February 2014 Vol 7, No 1, Special Issue ASH 2013 Payers' Perspectives in Oncology - Health Economics
Wayne Kuznar

Aretrospective analysis of rituximab infusions presented at the meeting showed that more patients with diffuse large B-cell lymphoma (DLBCL) receive the infusions in the hospital setting, incurring greater costs than those receiving them in the office/clinic.

Rituximab in combination with CHOP (cyclophosphamide, doxorubicin, vincristine, and prednisone) is the recommended first-line therapy for DLBCL.

Carolina Reyes, PhD, of Genentech, San Francisco, CA, examined differences in treatment patterns, healthcare resource use, and costs among patients with DLBCL receiving rituximab plus chemotherapy in the office setting versus the hospital outpatient setting.

Medical and pharmacy claims from a large, geographically diverse US commercial health plan were used to identify 491 adults with DLBCL with 2 or more claims for rituximab, 65% of whom received infusions in the office or clinic, and 35% of whom received them in the hospital.

The percentage of patients receiving infusions in the hospital increased from 32% in 2007 to 43% in 2011/2012.

The mean length of episode of care was not significantly different by the site of service, and the mean number of rituximab infusions was lower (4.92) in the hospital versus the office (6.52), as was the mean number of infusions per month (1.01 vs 1.17, respectively).
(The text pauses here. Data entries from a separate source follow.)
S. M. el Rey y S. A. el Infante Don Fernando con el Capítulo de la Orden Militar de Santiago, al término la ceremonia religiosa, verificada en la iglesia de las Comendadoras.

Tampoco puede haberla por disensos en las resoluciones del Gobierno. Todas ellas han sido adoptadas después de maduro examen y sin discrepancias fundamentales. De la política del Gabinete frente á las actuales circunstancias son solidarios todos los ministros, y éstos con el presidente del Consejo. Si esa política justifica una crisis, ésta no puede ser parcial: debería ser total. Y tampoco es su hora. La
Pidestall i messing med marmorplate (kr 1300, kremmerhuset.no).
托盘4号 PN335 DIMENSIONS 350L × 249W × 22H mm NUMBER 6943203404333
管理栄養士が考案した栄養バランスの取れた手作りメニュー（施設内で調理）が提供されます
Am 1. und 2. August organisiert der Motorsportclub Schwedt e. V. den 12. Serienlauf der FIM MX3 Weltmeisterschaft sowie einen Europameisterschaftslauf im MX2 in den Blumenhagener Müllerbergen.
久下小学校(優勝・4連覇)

The total mean costs during the episode of care, as well as administration costs incurred on days of rituximab infusions, were significantly higher among the hospital cohort compared with the office/clinic cohort.

The unadjusted mean infusion-day costs were $12,481 in the hospital cohort versus $5834 in the office/clinic cohort.

“Higher infusion-day costs contributed to higher unadjusted mean per patient per month [PPPM] costs among the hospital cohort,” noted Dr Reyes. Total unadjusted PPPM costs in the hospital cohort were $22,325 compared with $15,541 for the office/clinic cohort.